There is a minimum angle above the ground such that if the ball is launched below this angle, it can never clear the bar, no matter how fast it is kicked. What is this angle?
Theta = arcantan(height/range)
To determine the minimum angle above the ground, let's consider the concept of projectile motion.
Projectile motion is the motion of an object that is launched into the air and moves along a curved path under the influence of gravity. In this case, the object is a ball being kicked towards a bar.
To clear the bar, the ball needs to reach a certain height at the point where it passes over the bar.

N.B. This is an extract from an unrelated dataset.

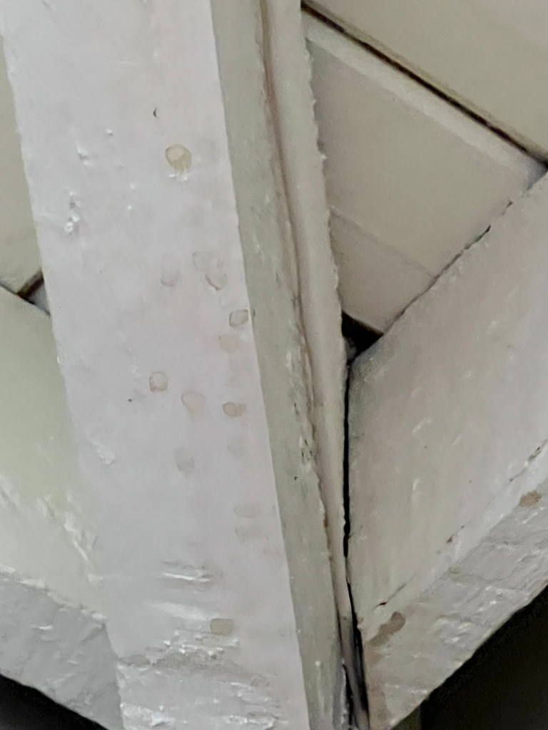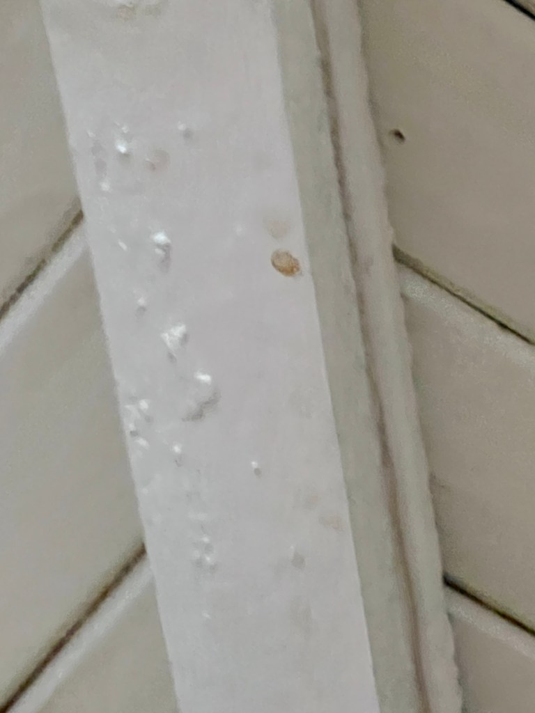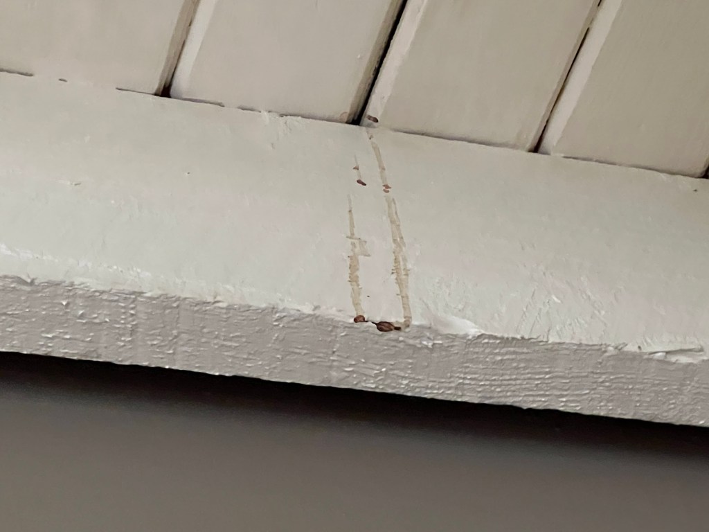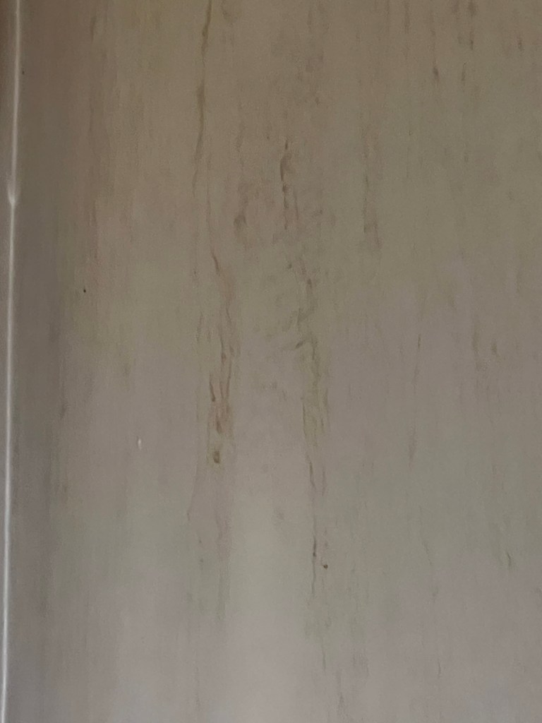 The walls had drip marks from the leaky roof. Unfortunately, I painted thinking the fix I paid a company to make worked. It did not. So, it leaked all over my painted walls and door.

This can be achieved by giving the ball an initial velocity and launch angle.
The equation for the height of a projectile at any given time is given by:
h = (vi^2 * sin^2θ) / (2g)
Where:
h = maximum height reached by the projectile
vi = initial velocity of the projectile
θ = launch angle
g = acceleration due to gravity (usually taken as 9.8 m/s^2)

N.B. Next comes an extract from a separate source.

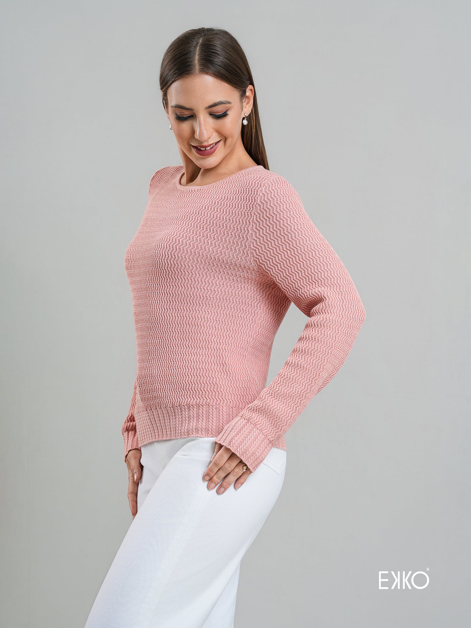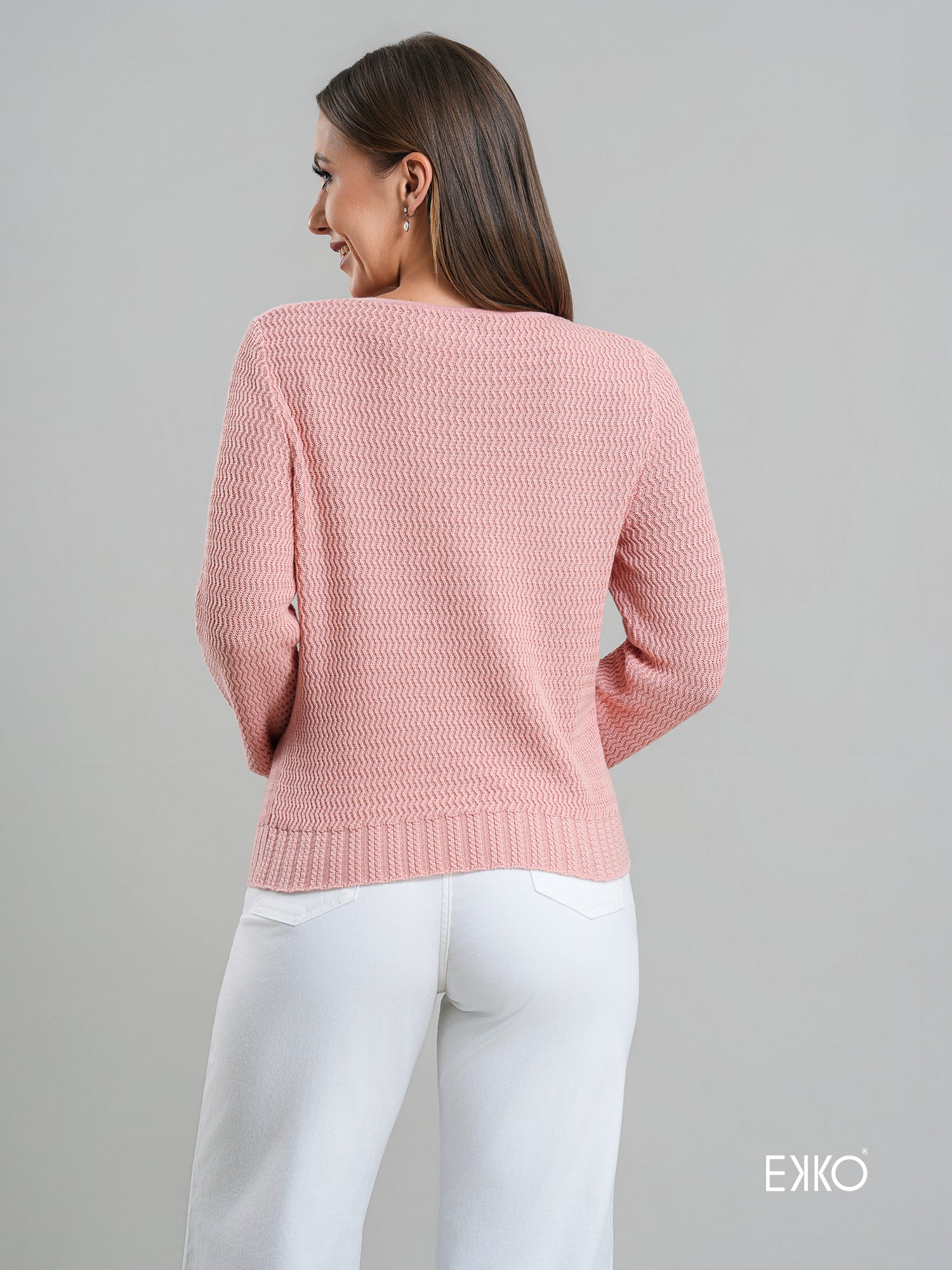 A comfy women’s sweater crafted from 100% cotton, featuring a classic crew neckline and long sleeves. Designed in a soft pink shade with a regular fit for easy, everyday wear.

In the given scenario, we want to find the minimum launch angle such that the ball cannot clear the bar, regardless of its initial velocity.
To determine this angle, we can set the height (h) equal to the height of the bar. Let's assume the height of the bar is denoted by 'Bar_h'.
Bar_h = (vi^2 * sin^2θ) / (2g)
Rearranging the equation for the launch angle (θ) gives us:
sin^2θ = (2g * Bar_h) / vi^2
Since sin^2θ cannot exceed 1, the maximum value on the right side of the equation is 1. Therefore:
1 = (2g * Bar_h) / vi^2
Now, we can solve for the minimum launch angle by isolating θ:
θ = arcsin(sqrt((vi^2) / (2g * Bar_h)))
After substituting the values of vi, g, and Bar_h, you can calculate the minimum launch angle required.